The first two disciples, to the question with which Jesus asks them, seem to respond in a banal way: "Rabbi, where are you staying?", "Come and see". The evangelist then narrates: “So they went and saw where he was staying and they stayed with him that day” (John 1,38-39). There is all the theological wisdom of John in these few lines. To know who Jesus is, we need to understand where he lives. At the end of the Gospel we will understand his home and his relationship with the Father; that is the place from where he comes and to which he returns, the house in which he lives, to lead us there too.

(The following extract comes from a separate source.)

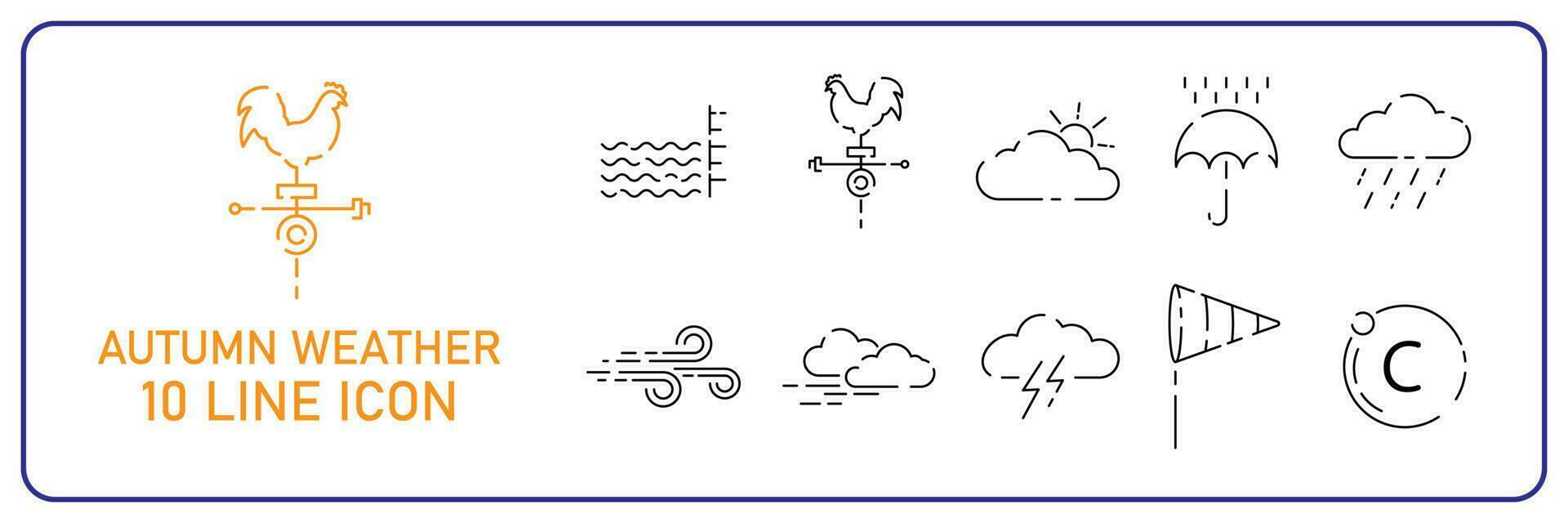 Autumn Weather line icon set. Meteorology vector. Cloud, weather vane rooster, windsock, Celsius, flood and overflow, umbrella or rain, lightning. Pro Vector

Jesus came to this abode to prepare a place for us, so that we too can be where he is. The communion with the Father, which he lives in the Spirit, he also gives to us. He even builds it in us. “If anyone loves me, he will keep my word, and my Father will love him, and we will come to him and make our home with him” (Jn 14,23).

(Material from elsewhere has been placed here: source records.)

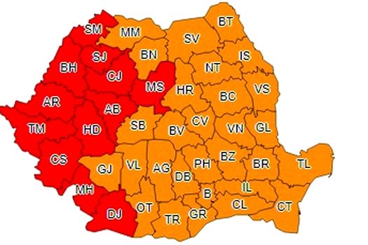 În aceeaşi perioadă, este în vigoare şi un cod portocaliu de caniculă. În Moldova, Dobrogea, Muntenia şi local în Maramureş, Transilvania şi Oltenia temperaturile maxime se vor situa, în general, între 36 şi 39 de grade, valori cu mult mai ridicate decât mediile climatologice specifice perioadei.
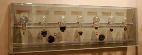 アメリカ国立博物館には、エジソンが電灯発明のため研究した様々なガラスやフィラメントについての展示がある。1879年に白熱電球が発明された。
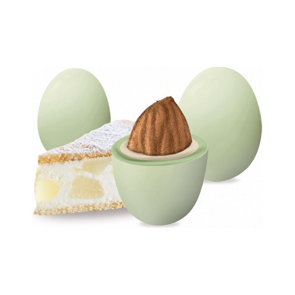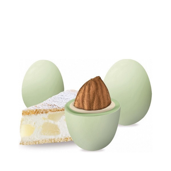 Maxtris Nuance Pea Green gusto Ricotta e Pera, da 1 Kg: confetti verdi con mandorla tostata e cioccolato bianco al gusto ricotta e pera, confettati nuance verde pisello da Maxtris
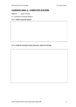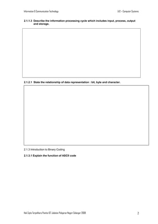 This document outlines topics related to computer systems, including definitions of key concepts like input, processor, output, and storage. It describes the basic information processing cycle and data representation at the bit and byte level. Measurement units for data, clock speed, and types of hardware components like CPUs, memory, storage devices, input/output devices are defined. The document also discusses operating systems, application software, and utility programs. Finally, it addresses assembling computer systems, partitioning and formatting storage, and installing software.
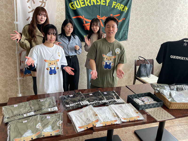 課題把握を行った学生による解決へのアプローチとして下記の2つに取り組んできました。一つ目のアプローチはZ世代に刺さる商品開発です。メンチカツにするか、ホットドックにするか、地元大分の食材を使ったディップを食べ比べるなど試食と検討を重ね、今回「ガンジー牛の雄牛」を使ったハンバーガーの商品化を実現しました。二つ目のアプローチは、ガンジーファーム、及びガンジー牛、新商品となるハンバーガーのブランディングや商品認知です。今回、「ファーム自体の認知」「ガンジー牛の魅力の認知」「新商品であるハンバーガーの認知」に向けた動画の制作、さらにあらゆるシーンで使えるようなガンジー牛の新キャラクターデザインを作成しました。ハンバーガーの包装紙をはじめ、商品ののぼり、ショップで販売するTシャツ、ボンボンドロップシールなど広く使えるようにしました。
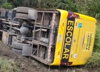 Homem bêbado furta ônibus escolar e causa acidente
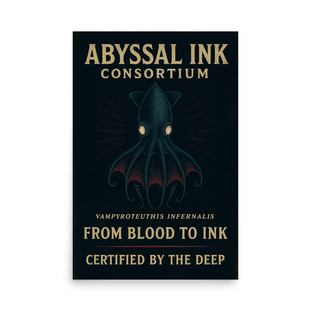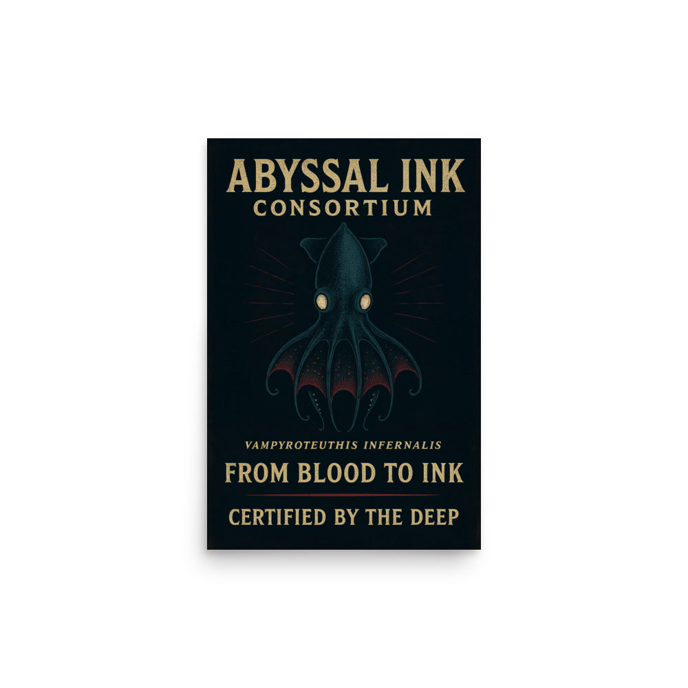 Dive into the darkness with this vintage-style poster for the Abyssal Ink Consortium. Featuring the enigmatic Vampyroteuthis infernalis, this design blends deep-sea horror with antique scientific charm. "From Blood to Ink – Certified by the Deep" captures the eerie magic of the abyss, perfect for collectors of marine myths and Lovecraftian lore.
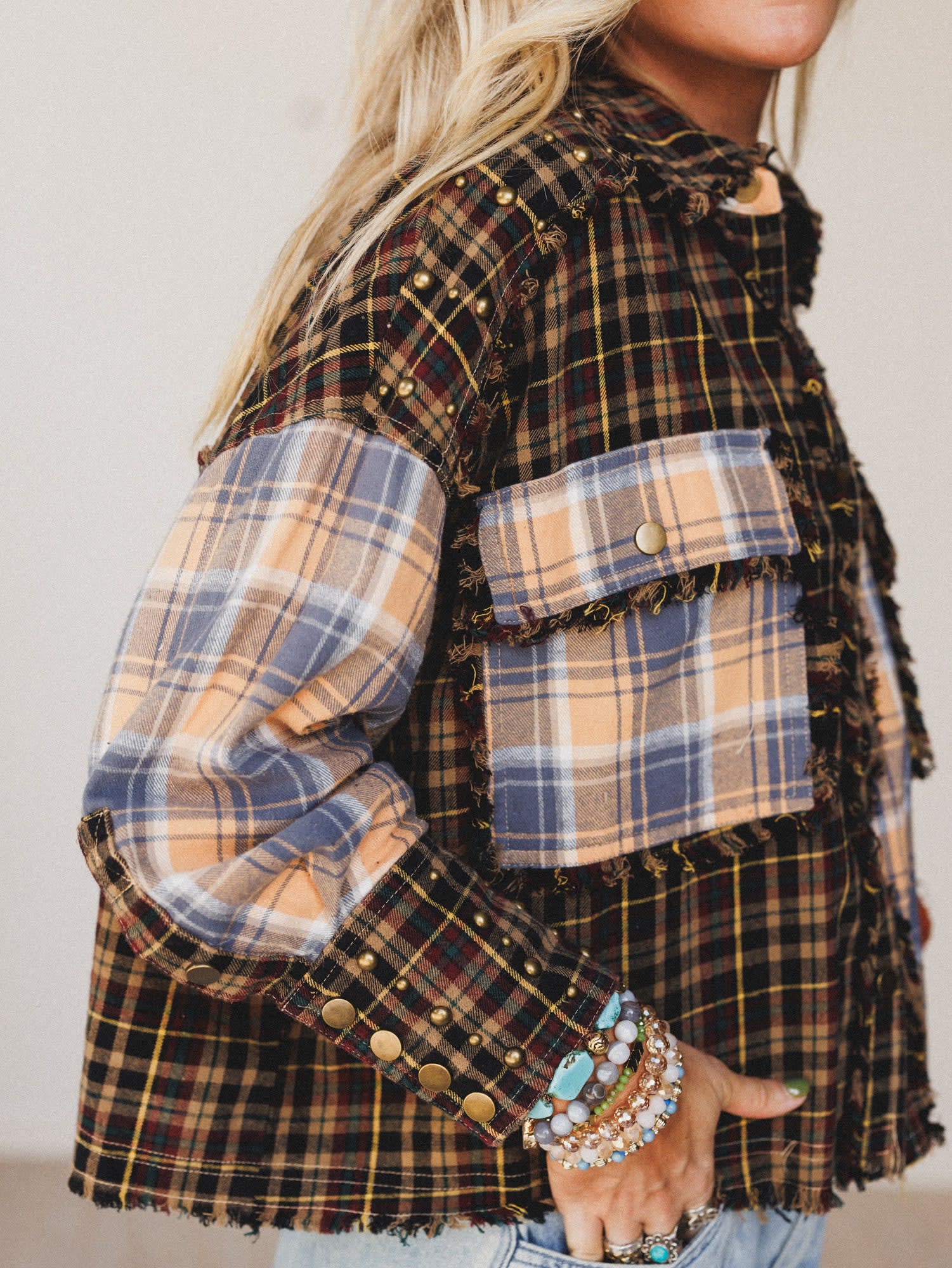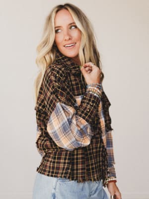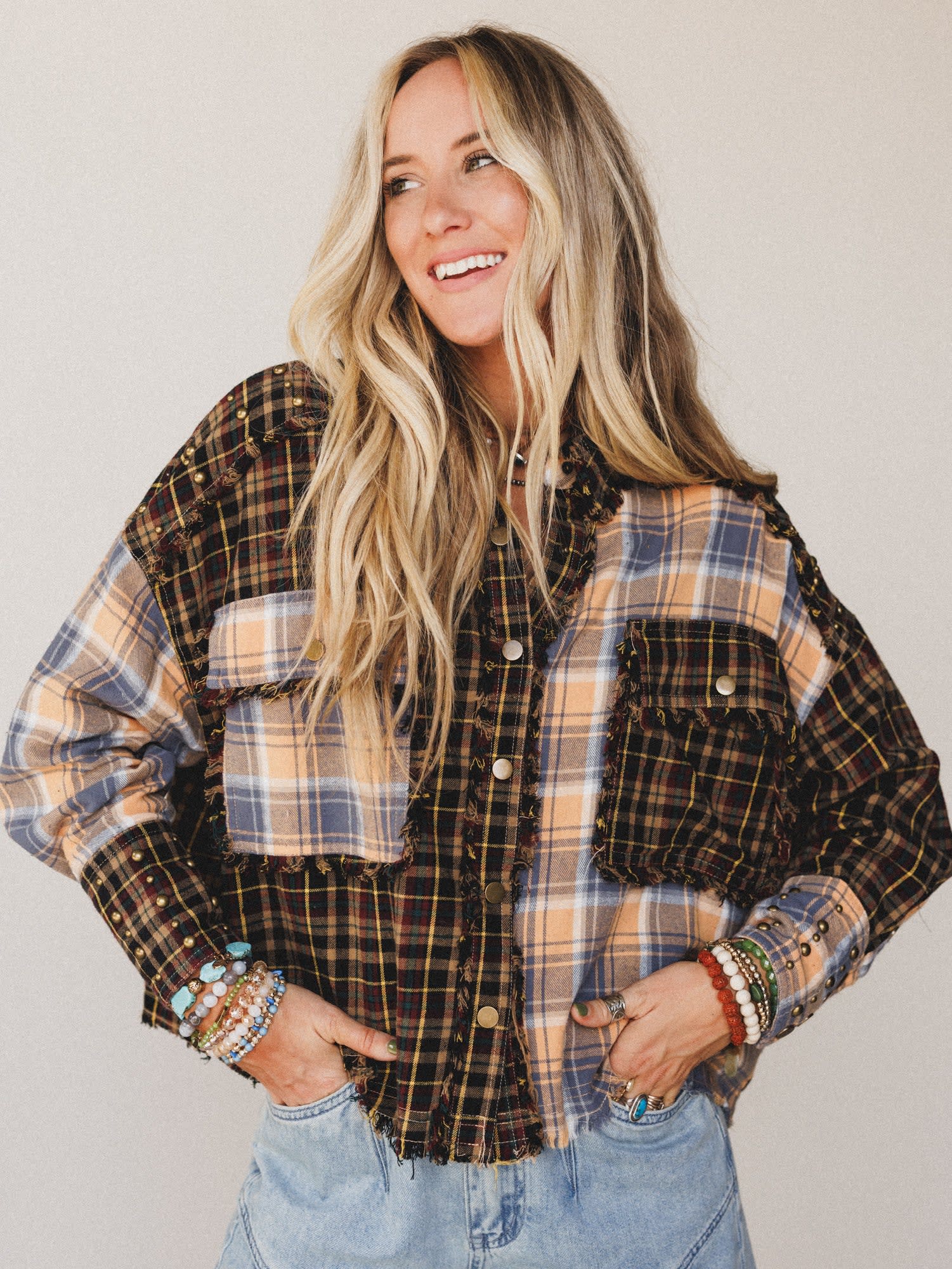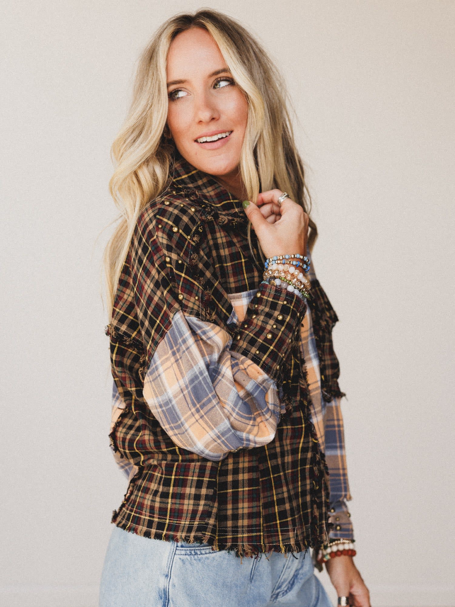 Bring on the bold — the Still West Snap Button Top is your new go-to for mixing grit with glam. With rich plaid patchwork and just the right amount of edge, this top tells a story of vintage soul and desert dreams.

In the ancient liturgy, the celebration of Christmas was followed by three stories of manifestation (epiphanies) of Jesus: the revelation to the Magi, the baptism near the Jordan, the wedding at Cana. The liturgy born from Vatican II preserves this succession only in one of the three years of the liturgical cycle (year C). In this Year B of the Ordinary Time, the story of Cana is replaced by this other Johannine passage, with the call of the first disciples. The suggestion that the liturgy offers us is therefore to read this text more in its epiphanic perspective than in its vocation/follow after me. This too is an epiphany of the Lord!
By coming in our flesh, in addition to revealing himself, Jesus reveals us to ourselves in a new way. Our existence is transformed, just as Peter's name is changed. By dwelling where Jesus dwells, in the same love that unites him to the Father, we ourselves become the dwelling place of God, the temple of the Holy Spirit, the place where God comes to live. This is the experience that the disciples begin to live in this hour that they will never be able to forget: around the tenth hour, four in the afternoon. Simone becomes Cephas, stone, rock. It becomes a place where all God's faithfulness lives. With Andrew, Peter, Mary, the other disciples, we must learn to look not for something (what are you looking for?) but someone, as at the end of the Gospel, the Risen One will ask Mary Magdalene: "Woman, who are you looking for?”. We must learn who to look for, and also where and how to look for them: in a home, in the place of the closest and truest human relationships; even within ourselves, in that dwelling that becomes our flesh, now the dwelling of God, the temple of the Spirit! + John I. Okoye.